• _What to do_
Reproduce exactly, with no pictures, each line from the opening of the material down through the line containing "Kellogg's Froot Loops".

• _Listed entries_
━━━━━━

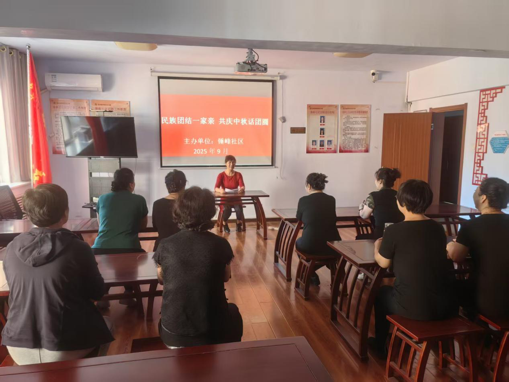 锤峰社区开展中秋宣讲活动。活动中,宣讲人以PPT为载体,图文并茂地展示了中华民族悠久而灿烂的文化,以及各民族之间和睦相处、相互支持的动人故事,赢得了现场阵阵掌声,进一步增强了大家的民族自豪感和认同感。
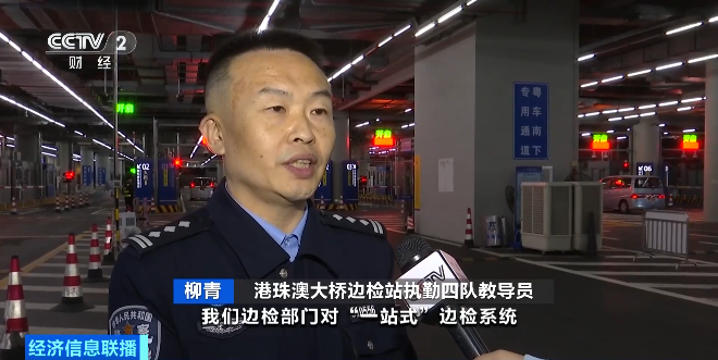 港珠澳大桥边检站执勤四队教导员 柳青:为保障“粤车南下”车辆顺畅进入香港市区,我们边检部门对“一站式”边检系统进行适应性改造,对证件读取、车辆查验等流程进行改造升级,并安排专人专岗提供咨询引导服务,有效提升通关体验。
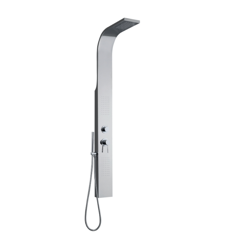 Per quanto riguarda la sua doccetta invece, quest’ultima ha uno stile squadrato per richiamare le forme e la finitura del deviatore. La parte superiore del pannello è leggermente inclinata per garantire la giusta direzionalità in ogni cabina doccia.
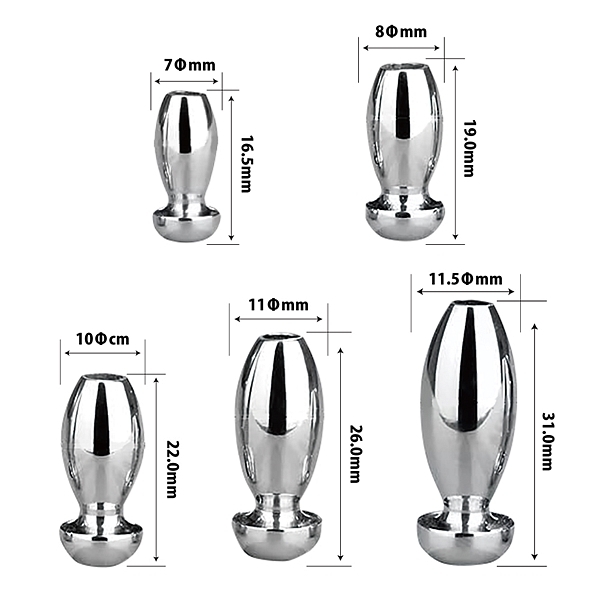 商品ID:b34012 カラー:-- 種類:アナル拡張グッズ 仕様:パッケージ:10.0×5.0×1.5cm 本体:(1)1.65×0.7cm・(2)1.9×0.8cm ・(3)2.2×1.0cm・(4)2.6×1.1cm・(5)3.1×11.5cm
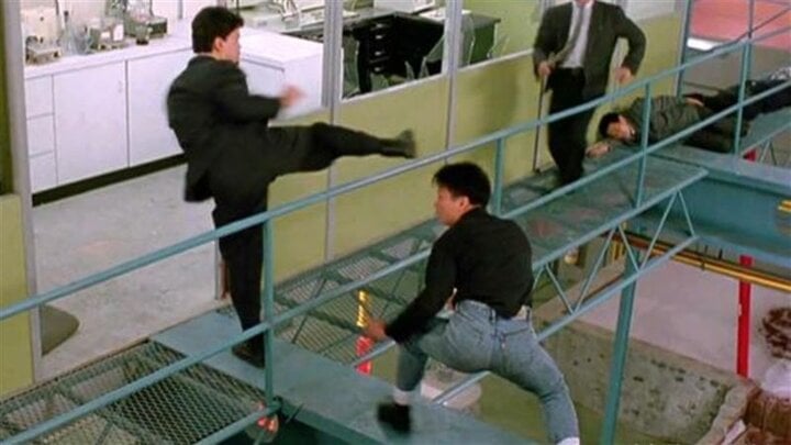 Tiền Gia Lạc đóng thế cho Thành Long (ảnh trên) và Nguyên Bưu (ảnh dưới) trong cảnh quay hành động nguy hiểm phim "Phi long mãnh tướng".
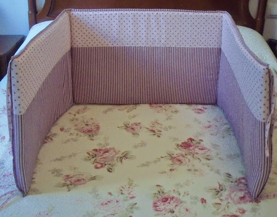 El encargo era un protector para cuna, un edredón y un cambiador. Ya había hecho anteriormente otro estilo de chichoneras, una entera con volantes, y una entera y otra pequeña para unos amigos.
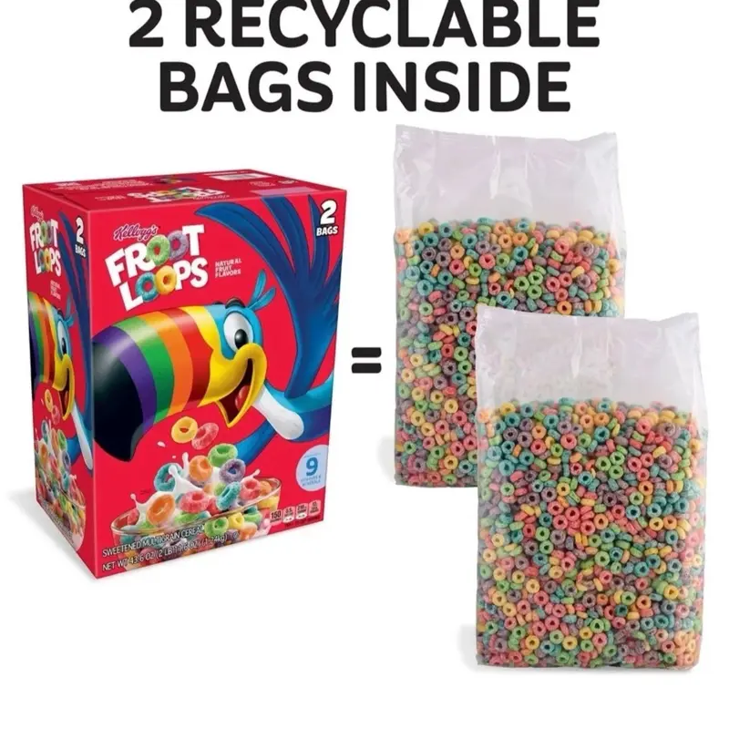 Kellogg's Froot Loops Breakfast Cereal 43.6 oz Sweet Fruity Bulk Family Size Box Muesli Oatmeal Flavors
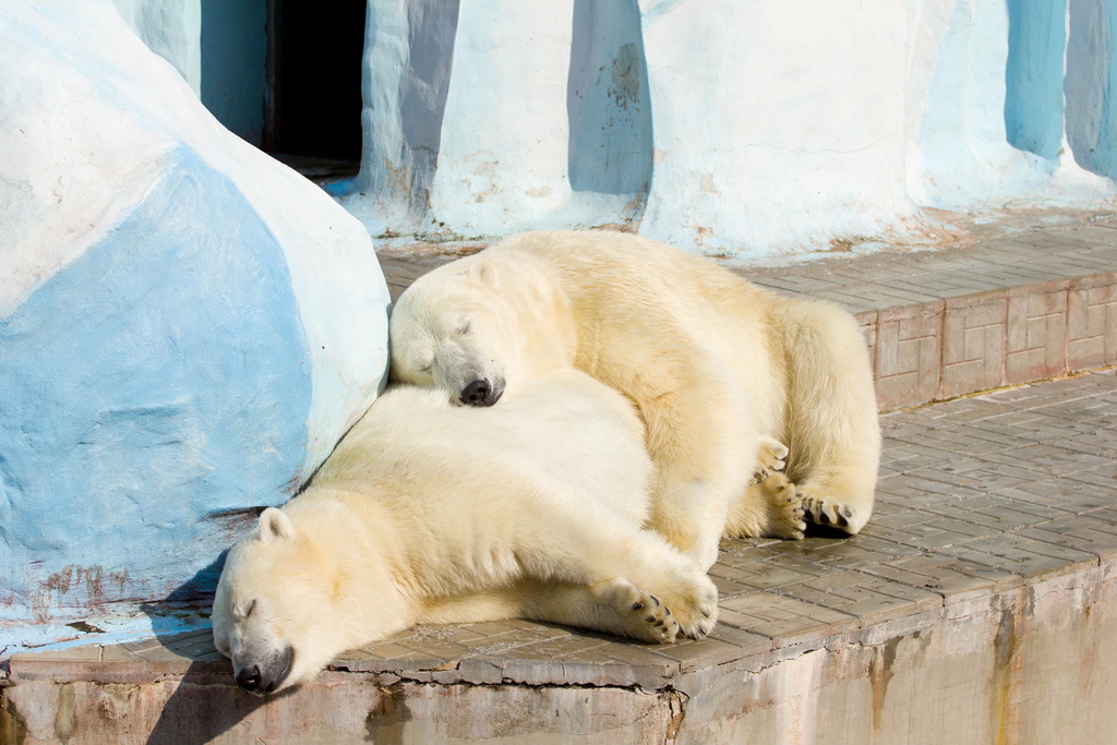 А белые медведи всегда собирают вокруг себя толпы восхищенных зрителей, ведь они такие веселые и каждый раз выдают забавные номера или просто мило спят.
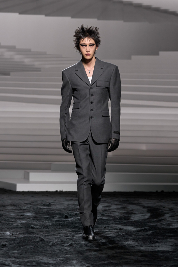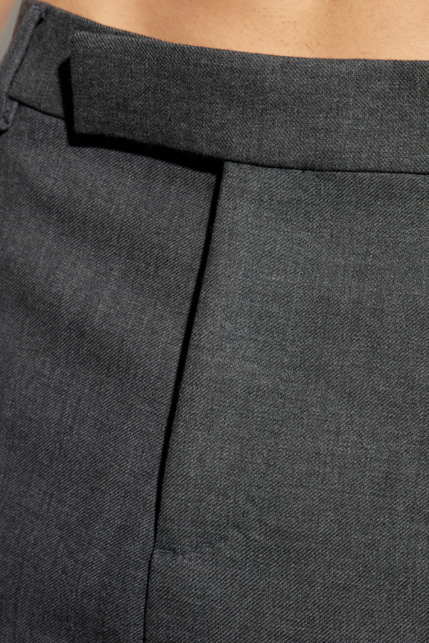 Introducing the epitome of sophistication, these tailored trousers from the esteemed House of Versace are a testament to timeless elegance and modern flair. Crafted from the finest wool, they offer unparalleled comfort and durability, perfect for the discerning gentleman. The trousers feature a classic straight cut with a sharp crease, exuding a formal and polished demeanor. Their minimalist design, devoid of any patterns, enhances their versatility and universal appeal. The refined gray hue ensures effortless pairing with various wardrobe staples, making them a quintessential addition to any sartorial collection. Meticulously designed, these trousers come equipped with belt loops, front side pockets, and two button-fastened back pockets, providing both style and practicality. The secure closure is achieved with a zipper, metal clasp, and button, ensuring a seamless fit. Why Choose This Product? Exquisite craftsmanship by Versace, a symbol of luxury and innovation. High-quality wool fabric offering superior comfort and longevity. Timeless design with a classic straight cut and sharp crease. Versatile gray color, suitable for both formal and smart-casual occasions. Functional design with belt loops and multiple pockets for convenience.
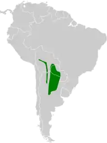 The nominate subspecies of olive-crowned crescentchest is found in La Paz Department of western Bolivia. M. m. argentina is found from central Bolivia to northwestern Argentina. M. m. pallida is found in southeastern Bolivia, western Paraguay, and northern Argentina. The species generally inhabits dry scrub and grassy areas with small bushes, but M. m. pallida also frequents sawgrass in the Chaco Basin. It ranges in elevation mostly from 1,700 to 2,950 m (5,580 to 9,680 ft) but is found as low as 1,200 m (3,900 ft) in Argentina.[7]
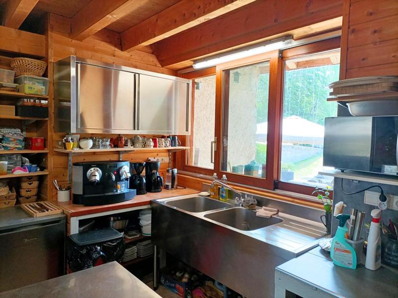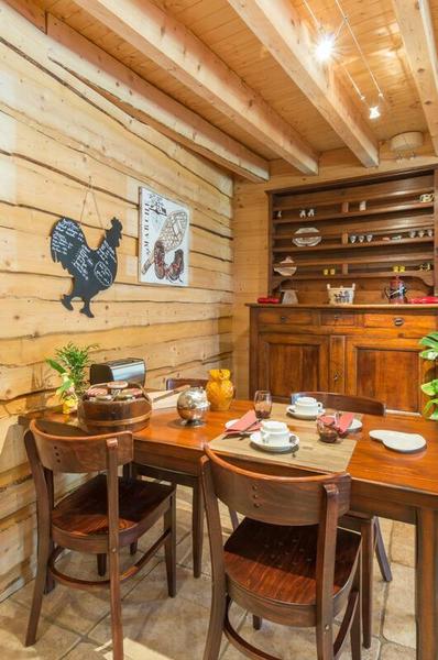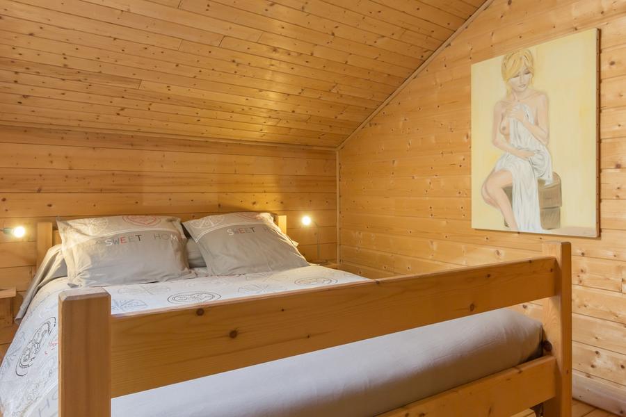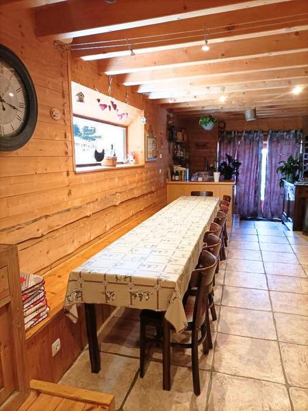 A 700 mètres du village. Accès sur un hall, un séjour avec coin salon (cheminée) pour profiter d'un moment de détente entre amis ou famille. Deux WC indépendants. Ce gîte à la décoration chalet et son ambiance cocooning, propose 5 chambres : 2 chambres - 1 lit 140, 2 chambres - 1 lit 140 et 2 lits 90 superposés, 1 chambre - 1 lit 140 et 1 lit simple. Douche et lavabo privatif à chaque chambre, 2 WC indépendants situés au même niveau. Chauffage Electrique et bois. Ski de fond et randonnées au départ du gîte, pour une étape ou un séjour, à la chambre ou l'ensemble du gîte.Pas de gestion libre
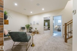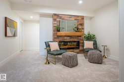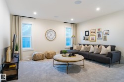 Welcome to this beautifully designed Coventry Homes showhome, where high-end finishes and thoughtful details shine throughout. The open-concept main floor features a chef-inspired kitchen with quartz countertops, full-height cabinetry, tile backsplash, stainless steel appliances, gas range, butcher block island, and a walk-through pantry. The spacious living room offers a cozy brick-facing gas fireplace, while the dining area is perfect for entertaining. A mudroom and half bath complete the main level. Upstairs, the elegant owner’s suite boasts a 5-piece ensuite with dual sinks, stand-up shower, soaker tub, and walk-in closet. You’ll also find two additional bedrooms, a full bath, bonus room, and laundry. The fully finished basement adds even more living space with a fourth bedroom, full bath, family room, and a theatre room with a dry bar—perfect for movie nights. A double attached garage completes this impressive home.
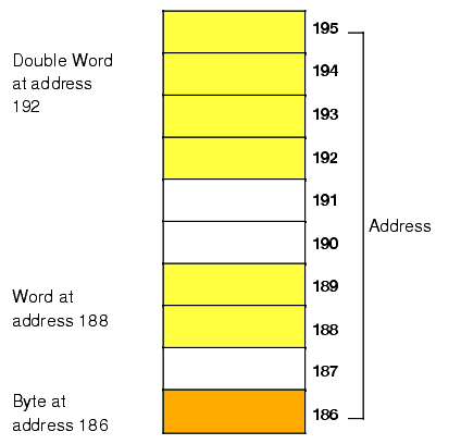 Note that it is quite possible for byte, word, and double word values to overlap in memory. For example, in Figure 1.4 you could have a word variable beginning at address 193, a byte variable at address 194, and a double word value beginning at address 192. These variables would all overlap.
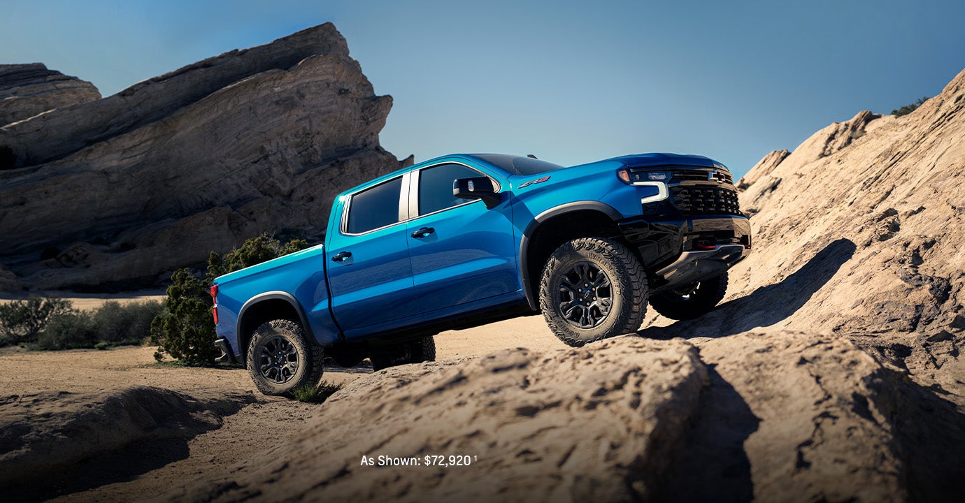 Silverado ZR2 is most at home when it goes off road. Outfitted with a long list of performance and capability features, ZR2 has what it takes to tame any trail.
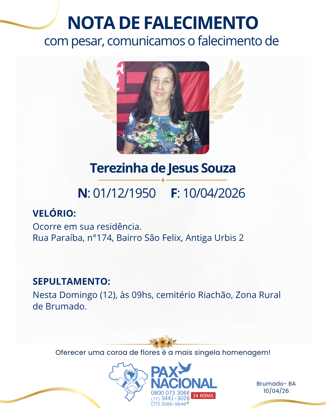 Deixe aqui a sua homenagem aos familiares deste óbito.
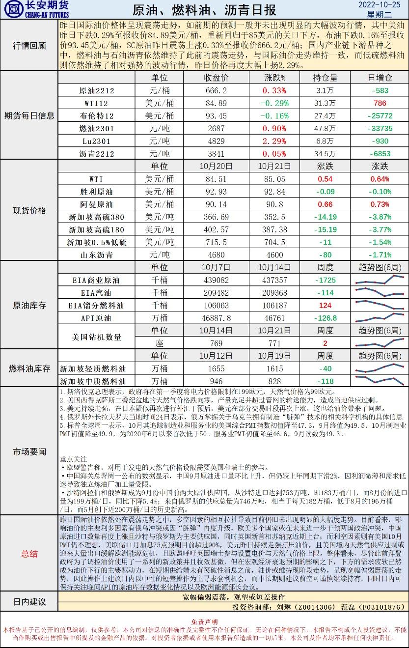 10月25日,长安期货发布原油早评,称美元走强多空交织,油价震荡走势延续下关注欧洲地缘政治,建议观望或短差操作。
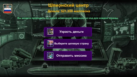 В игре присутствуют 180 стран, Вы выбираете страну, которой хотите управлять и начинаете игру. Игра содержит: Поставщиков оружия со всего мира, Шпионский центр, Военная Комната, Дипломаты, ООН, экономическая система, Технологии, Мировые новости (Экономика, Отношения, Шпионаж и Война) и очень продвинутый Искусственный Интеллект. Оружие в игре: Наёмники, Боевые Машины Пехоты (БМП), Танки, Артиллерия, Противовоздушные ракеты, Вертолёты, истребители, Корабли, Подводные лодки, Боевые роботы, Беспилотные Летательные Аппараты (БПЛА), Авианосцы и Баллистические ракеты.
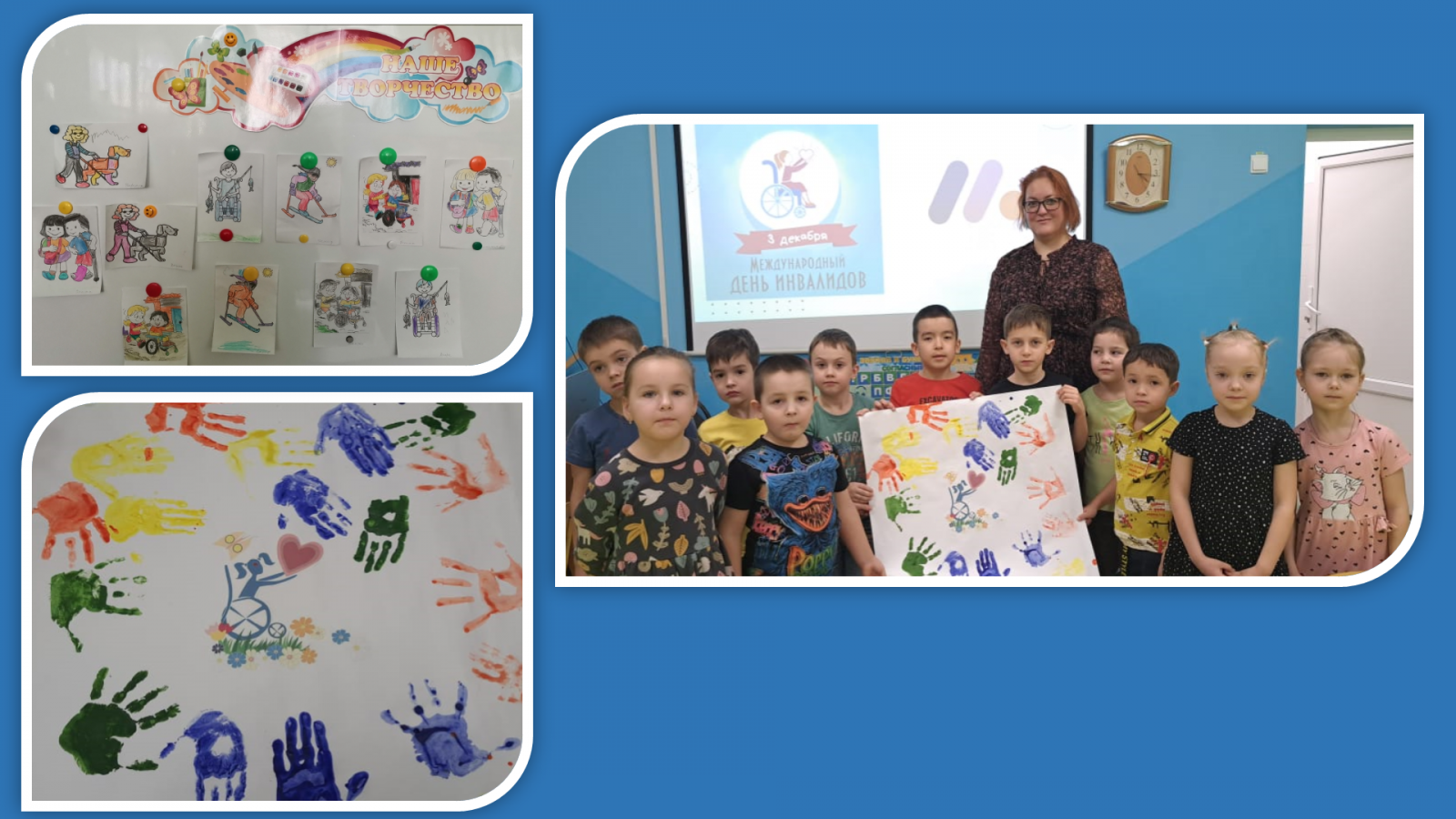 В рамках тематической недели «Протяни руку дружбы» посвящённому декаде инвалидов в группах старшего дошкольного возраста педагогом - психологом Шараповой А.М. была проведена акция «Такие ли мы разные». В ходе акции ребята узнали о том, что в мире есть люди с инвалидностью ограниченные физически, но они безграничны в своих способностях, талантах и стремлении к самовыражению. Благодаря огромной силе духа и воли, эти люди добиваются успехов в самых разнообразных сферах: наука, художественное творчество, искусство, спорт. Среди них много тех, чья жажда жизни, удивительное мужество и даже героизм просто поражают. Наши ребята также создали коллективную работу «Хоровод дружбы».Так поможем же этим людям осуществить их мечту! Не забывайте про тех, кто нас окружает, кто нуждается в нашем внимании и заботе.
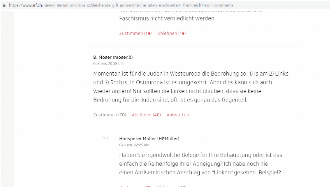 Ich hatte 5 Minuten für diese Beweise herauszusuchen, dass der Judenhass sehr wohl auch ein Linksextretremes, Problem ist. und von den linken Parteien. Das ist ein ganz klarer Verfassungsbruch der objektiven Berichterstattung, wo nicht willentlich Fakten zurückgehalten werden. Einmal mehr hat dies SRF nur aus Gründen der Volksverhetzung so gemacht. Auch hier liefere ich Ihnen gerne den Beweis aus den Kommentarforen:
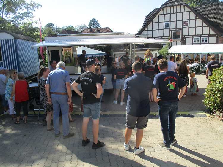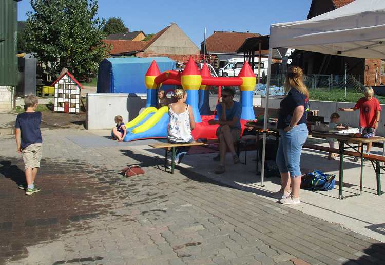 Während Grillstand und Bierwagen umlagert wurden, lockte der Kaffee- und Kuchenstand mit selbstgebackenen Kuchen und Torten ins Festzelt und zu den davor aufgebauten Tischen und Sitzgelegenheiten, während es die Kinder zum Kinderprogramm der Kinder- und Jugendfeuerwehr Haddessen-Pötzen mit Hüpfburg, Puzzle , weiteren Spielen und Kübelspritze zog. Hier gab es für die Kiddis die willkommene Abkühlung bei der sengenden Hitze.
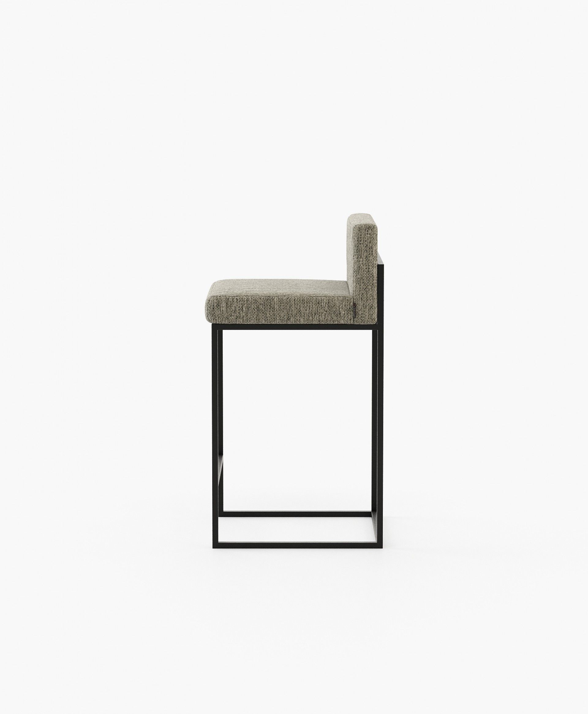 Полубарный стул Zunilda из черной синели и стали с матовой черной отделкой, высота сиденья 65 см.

━━━━━━

• _Answer area_
 锤峰社区开展中秋宣讲活动。活动中,宣讲人以PPT为载体,图文并茂地展示了中华民族悠久而灿烂的文化,以及各民族之间和睦相处、相互支持的动人故事,赢得了现场阵阵掌声,进一步增强了大家的民族自豪感和认同感。
 港珠澳大桥边检站执勤四队教导员 柳青:为保障“粤车南下”车辆顺畅进入香港市区,我们边检部门对“一站式”边检系统进行适应性改造,对证件读取、车辆查验等流程进行改造升级,并安排专人专岗提供咨询引导服务,有效提升通关体验。
 Per quanto riguarda la sua doccetta invece, quest’ultima ha uno stile squadrato per richiamare le forme e la finitura del deviatore. La parte superiore del pannello è leggermente inclinata per garantire la giusta direzionalità in ogni cabina doccia.
 商品ID:b34012 カラー:-- 種類:アナル拡張グッズ 仕様:パッケージ:10.0×5.0×1.5cm 本体:(1)1.65×0.7cm・(2)1.9×0.8cm ・(3)2.2×1.0cm・(4)2.6×1.1cm・(5)3.1×11.5cm
 Tiền Gia Lạc đóng thế cho Thành Long (ảnh trên) và Nguyên Bưu (ảnh dưới) trong cảnh quay hành động nguy hiểm phim "Phi long mãnh tướng".
 El encargo era un protector para cuna, un edredón y un cambiador. Ya había hecho anteriormente otro estilo de chichoneras, una entera con volantes, y una entera y otra pequeña para unos amigos.
 Kellogg's Froot Loops Breakfast Cereal 43.6 oz Sweet Fruity Bulk Family Size Box Muesli Oatmeal Flavors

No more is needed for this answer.